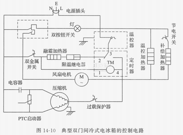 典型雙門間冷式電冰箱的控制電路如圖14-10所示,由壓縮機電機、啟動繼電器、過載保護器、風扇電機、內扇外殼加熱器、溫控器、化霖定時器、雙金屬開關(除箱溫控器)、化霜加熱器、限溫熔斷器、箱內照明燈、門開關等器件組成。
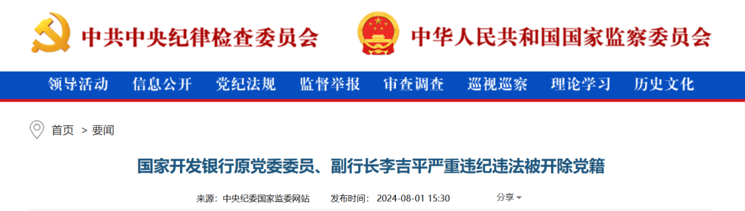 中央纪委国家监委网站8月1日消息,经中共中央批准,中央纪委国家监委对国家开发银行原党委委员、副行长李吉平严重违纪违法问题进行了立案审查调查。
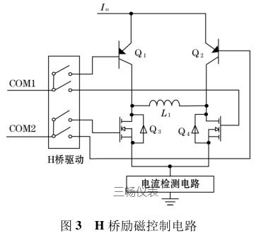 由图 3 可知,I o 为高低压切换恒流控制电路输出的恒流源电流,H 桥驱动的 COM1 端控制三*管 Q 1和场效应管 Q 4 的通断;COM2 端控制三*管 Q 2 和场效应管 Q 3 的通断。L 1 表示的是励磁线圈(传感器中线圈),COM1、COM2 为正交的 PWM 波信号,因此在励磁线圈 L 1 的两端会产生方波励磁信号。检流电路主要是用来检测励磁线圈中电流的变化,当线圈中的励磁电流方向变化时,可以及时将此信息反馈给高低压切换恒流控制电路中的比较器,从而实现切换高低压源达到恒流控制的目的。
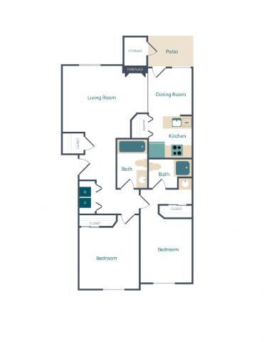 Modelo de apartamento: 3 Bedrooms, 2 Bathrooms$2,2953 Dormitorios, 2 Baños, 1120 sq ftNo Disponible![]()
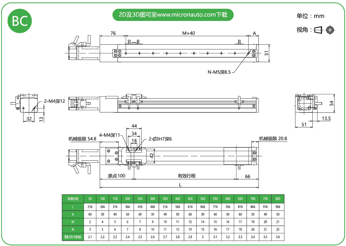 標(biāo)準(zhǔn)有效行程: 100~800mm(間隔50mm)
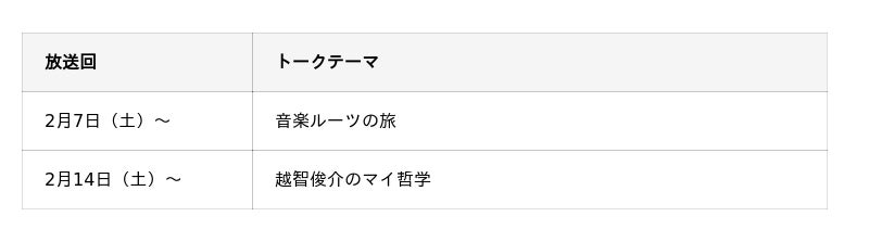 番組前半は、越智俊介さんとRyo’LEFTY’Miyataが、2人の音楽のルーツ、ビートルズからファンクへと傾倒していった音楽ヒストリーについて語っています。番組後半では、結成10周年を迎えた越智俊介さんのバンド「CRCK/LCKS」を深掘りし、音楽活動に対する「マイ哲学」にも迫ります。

--

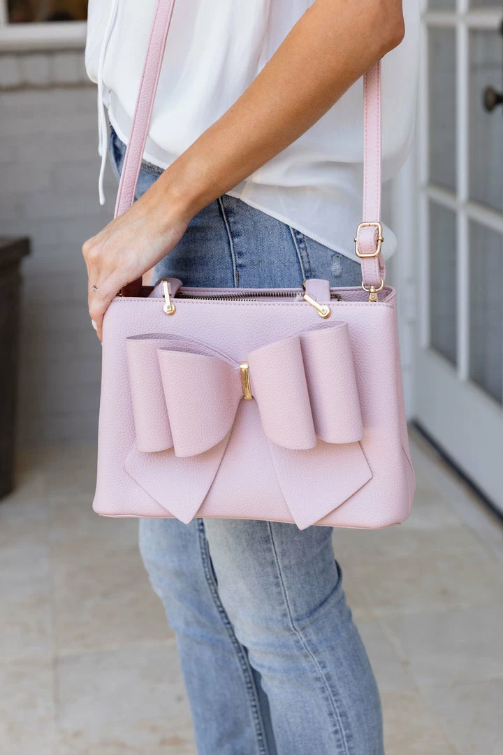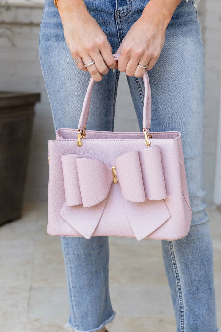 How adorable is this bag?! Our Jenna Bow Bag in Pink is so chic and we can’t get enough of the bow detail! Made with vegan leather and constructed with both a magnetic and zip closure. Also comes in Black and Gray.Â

...

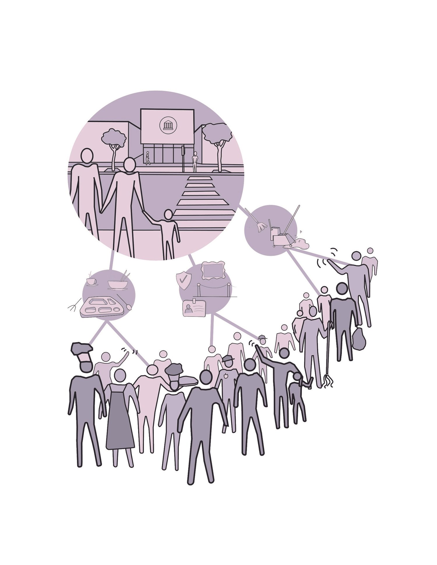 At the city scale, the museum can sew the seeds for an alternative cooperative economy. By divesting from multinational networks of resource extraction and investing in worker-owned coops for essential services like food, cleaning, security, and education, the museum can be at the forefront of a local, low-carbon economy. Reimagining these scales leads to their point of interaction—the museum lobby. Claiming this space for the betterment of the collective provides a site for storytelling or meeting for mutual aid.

DIRECTIONS FOR THIS TASK: Copy only the lines above from the one containing "標(biāo)準(zhǔn)有效行程: 100~800mm(間隔50mm)" through the one containing "番組前半は、越智俊介さんとR", both included. Leave out the pictures.

ANSWER SPACE:
 標(biāo)準(zhǔn)有效行程: 100~800mm(間隔50mm)
 番組前半は、越智俊介さんとRyo’LEFTY’Miyataが、2人の音楽のルーツ、ビートルズからファンクへと傾倒していった音楽ヒストリーについて語っています。番組後半では、結成10周年を迎えた越智俊介さんのバンド「CRCK/LCKS」を深掘りし、音楽活動に対する「マイ哲学」にも迫ります。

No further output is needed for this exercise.